Handles for attaching can have the parts (2) and (2) connected, so they
after the folding around the folding line (10) can be placed more
precisely. Handles related to the invention can be expanded to
independent carrying packages, that can be delivered plane and shut and
locked around the content without any previous gluing.
1. A carrying handle preferably for placing at two opposite top edges on a
bag or another package, where each of the parted or attached parts (2)
and (2') of the handle either is of a thin or relatively stiff foil of
plastic, cardboard etc. for attaching to the package (1) or consists of
the material itself for the package (1), possibly reinforced with extra
material (9), and which has or is equipped with carvings (3), (3')
designed as a part of a handle with from the carved material preserved
regions (4) and (4'), which are attached at the top and which preferably
are alike in the two parts (2) and (2'), characterized by the fact, that
the two parts (2) and (2') by bending of the regions (4) and (4'),
usually around folding lines (5) and (5'), are locked to each other
through the bent regions (4) and (4'), which possibly have incisions and
are of different shapes and lengths, preferably by the use of extensions
(7) and (7'), which possibly have barbs, and which are meant to be
fastened into corresponding slits (8) and/or (8'), or to have other means
for attaching, e.g. pressure locks, adhesives, Velcro fastenings,
embossments or a thin and stiff aluminum foil.
2. A carrying handle according to claim 1 characterized by the fact, that the folding lines (5) and (5') on the two parts (2) and (2') are supplemented with extra, preferably parallel folding lines (5a) and (5a'), and/or have the folding lines (5) and (5') displaced for each other:
3. A carrying handle according to at least one of the other claims, characterized by the fact, that it besides the carvings (3) and (3') with the regions (4) and (4'), folding lines (5) and (5'), extensions (7) and (7') and the slits (8) and (8'), has an extra set of carvings (3a) and (3a'), regions (4a) and (4a') etc., which preferably are of the same shape as the carving (3), the region (4) etc., but placed the wrong way around in relation to those.
4. A carrying handle according to at least one of the other claims, characterized by the fact, that there possibly only at one of the parts (2) and (2') and preferably at the outer side is fastened a piece of extra material (9) for reinforcement of the package material, which has, or in connection with the package material is equipped with carvings (3a) etc.
5. A carrying handle according to at least one of the other claims, characterized by the fact that it is equipped with printed, embossed or in other ways applied references, as e.g. "to be folded up here", "push down", with logos and/or with other information.
6. A carrying handle according to at least one of the other claims, characterized by the fact, that it is manufactured either separately by punching out from cardboard or plastic foil to be placed at the package (1), or is integrated in and solely consisting of material from the package (1), which yet possibly is equipped with extra material (9).
7. A carrying handle according to at least one of the other claims, characterized by the fact, that it is manufactured totally or partly by thermoforming of a plastic foil, by injection molding of a plastic material or by other methods of production.
8. A carrying handle according to at least one of the other claims, characterized by the fact, that the two parts (2) and (2'), the carrying handle comprises of, are manufactured connected in e.g. points near the edges (11) and (11').
9. A carrying handle according to at least one of the other claims, characterized by the fact, that it for the attachment to a package (1) of e.g. paper can be manufactured with the parts (2) and (2') connected and preferably each before the folding on the same side on the top and on the bottom applied an adhesive, e.g. a melting glue.
10. A carrying handle according to at least one of the other claims, characterized by the fact, that its two parts (2) and (2') are extended and shaped coherently with top, bottom and sides, and with incisions etc. to form a complete package.
The invention relates to a carrying handle for packages, e.g. for
bags of plastic and paper, to attach to these or integrated in the
package itself, so that it becomes more comfortable to carry as well as
obtains a lockable closing mechanism, and furthermore a new type of
carrying package as nearer specified especially in the introduction to
Various carrying handles for packages are known.
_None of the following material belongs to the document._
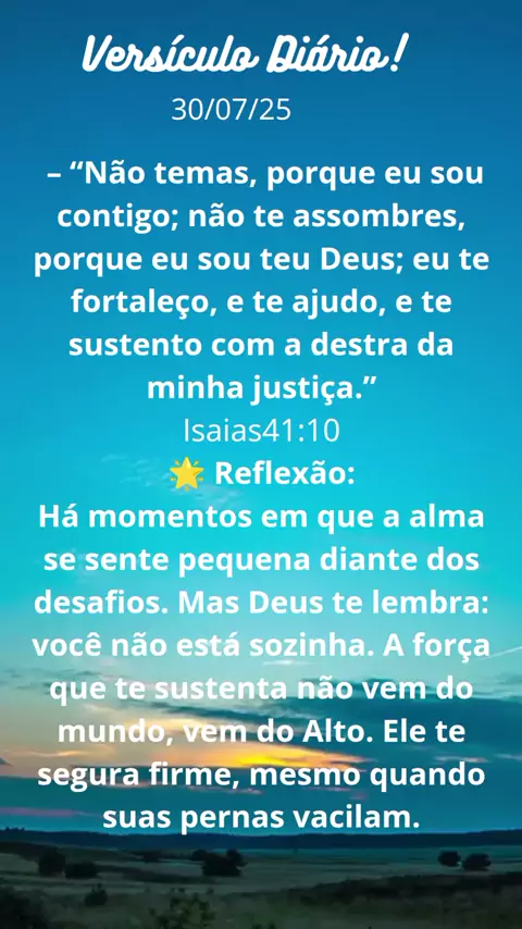 💫 Em tempos de medo e incertezas, confie: Deus está contigo. Ele te sustenta, te fortalece e jamais te abandona. Respire fundo, sinta a presença d’Ele e siga. #VersículoDoDia #DeusÉComigo #Isaías41 #FortalezaEspiritual #FéQueAcalma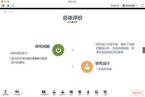 本次活动的第二项内容是研究生论文汇报环节,由林晚发老师和周楷唐老师担任主持人,会议邀请了来自会计学专业的九位优秀在读硕士研究生和博士研究生汇报论文,并根据研究主题邀请会计系博士研究生进行点评。在认真聆听了每位同学汇报后,点评者从研究内容和应用价值等方面做出专业的点评,并对每位同学的研究提出了建设性的修改建议。同学们在线积极交流,踊跃提问,对报告中的学术问题进行了深度的探讨和交流。

For bags of plastic the handles e.g. can be integrated in the material of the bag as two prolonged, for four fingers adapted punched holes at the middle of the upper edge of the bag. As a reinforcement of the material of the bag this e.g. can be folded down to double thickness, or extra plastic foil can be added around the two holes before they are punched. There is also known loose carrying handles to be placed on the package, which usually consists of two strings of the same or a stronger material than that of the package, which are attached at the upper edge in approximately a mutual distance of the broadness of a hand.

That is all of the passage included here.